A weak analytic version of the valuative criterion of properness

Question

EDIT: Let $f\colon X\to Y$ be a morphism of complex analytic spaces (not necessarily smooth or reduced). Assume that

(a) $f$ is injective on points;

(b) $f$ is local imbedding near each point $x\in X$;

(c) for any holomorphic germ $\gamma\colon (\mathbb{C},0)\to Y$ with image contained in $f(X)$ there exists a holomorphic germ $\tilde\gamma\colon (\mathbb{C},0)\to X$ such that $f\circ \bar \gamma=\gamma$.

(d) $f(X)$ is a closed subset of $Y$.

Question. Is it true that $f$ is proper?

Remark. (1) In the algebraic situation the answer is positive by the standard valuative criterion of properness.

(2) A priori it is not clear to me that locally on $Y$ the image $f(X)$ is an analytic subset.

If there is any analytic version of the valuative criterion of properness, I would be curious to know anyway. A reference would be helpful.
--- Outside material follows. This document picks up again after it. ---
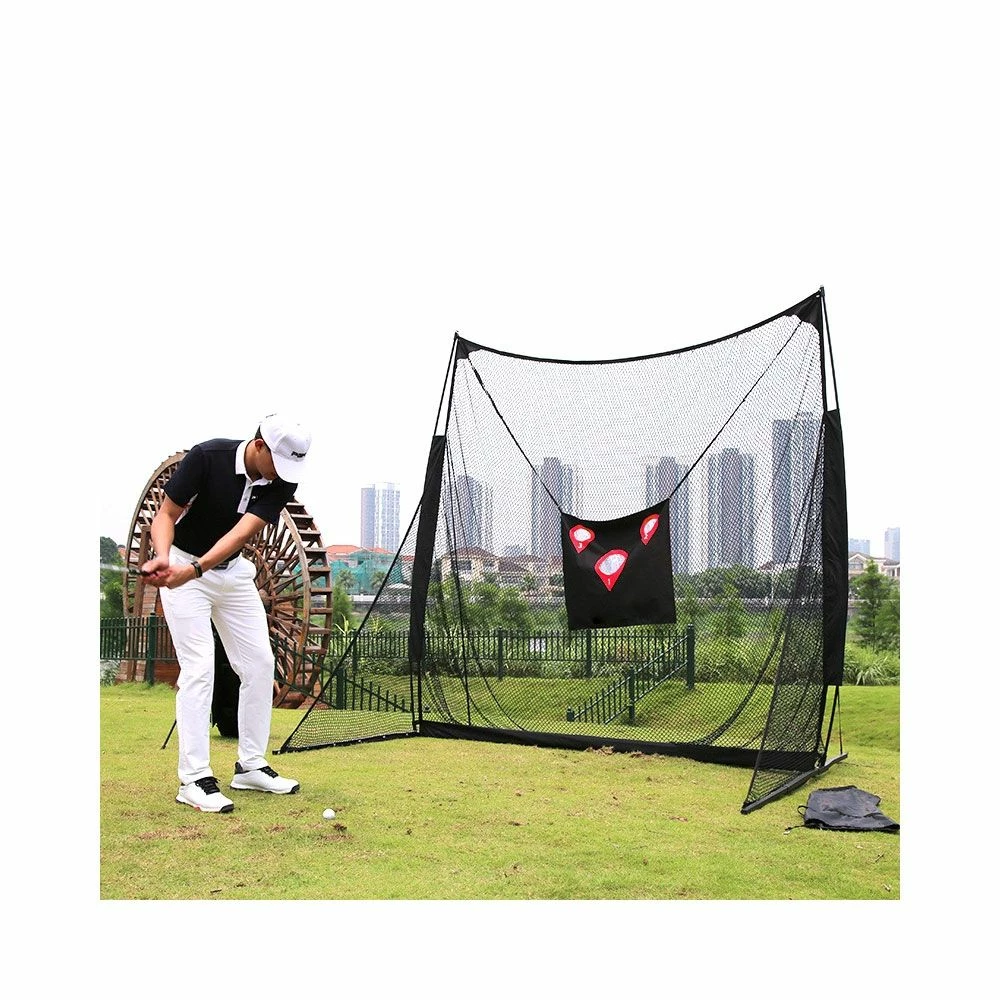 - Golf net with large hitting area allows for safe golf-swing practice

EDIT: Conditions (a),(c), (d) imply the following property which looks closer to the standard valuative criterion of properness. For any holomorphic germs $\gamma\colon (\mathbb{C},0)\to Y$ and $\beta\colon (\mathbb{C},0)\backslash\{0\}\to X$ such that $f\circ \beta=\gamma|_{(\mathbb{C},0)\backslash\{0\}}$, there exists a holomorphic germ $\bar\gamma\colon (\mathbb{C},0)\to X$ such that $$\bar\gamma|_{(\mathbb{C},0)\backslash\{0\}}=\beta,\, f\circ \bar\gamma=\gamma.$$

Answer 1

Here is a counterexample: $Y=\mathbb C^2$, $X=(\mathbb C\setminus\{0\})\cup\mathbb C$, and $f$ is given by $z\mapsto (z,e^{1/z})$ on $\mathbb C\setminus\{0\}$ and is given by $w\mapsto(0,w)$ on the second copy of $\mathbb C$. This map is certainly not proper. It clearly satisfies conditions (a),(b),(d). Let's check condition (c).
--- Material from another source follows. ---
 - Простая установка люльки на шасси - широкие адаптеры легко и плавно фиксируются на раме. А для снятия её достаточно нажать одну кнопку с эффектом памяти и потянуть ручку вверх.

Let $\gamma:(\mathbb C,0)\to Y=\mathbb C^2$ be a germ whose image is contained in $f(X)$. If the germ sends $0$ to a point whose first coordinate is nonzero, then it clearly lifts, so it suffices to check the case when $\gamma(0)=(0,w)$ for some $w\in\mathbb C$. Consider the first coordinate of $\gamma$: if this first coordinate is not identically zero, then it covers an open neighborhood of zero by the open mapping theorem. On the other hand, the function $e^{1/z}$ takes arbitrarily large values near zero since it has an essential singularity there, and this contradicts the fact that the image of $\gamma$ is contained in the image of $f$. Thus the first coordinate of $\gamma$ is identically zero, and thus it trivially lifts to $X$.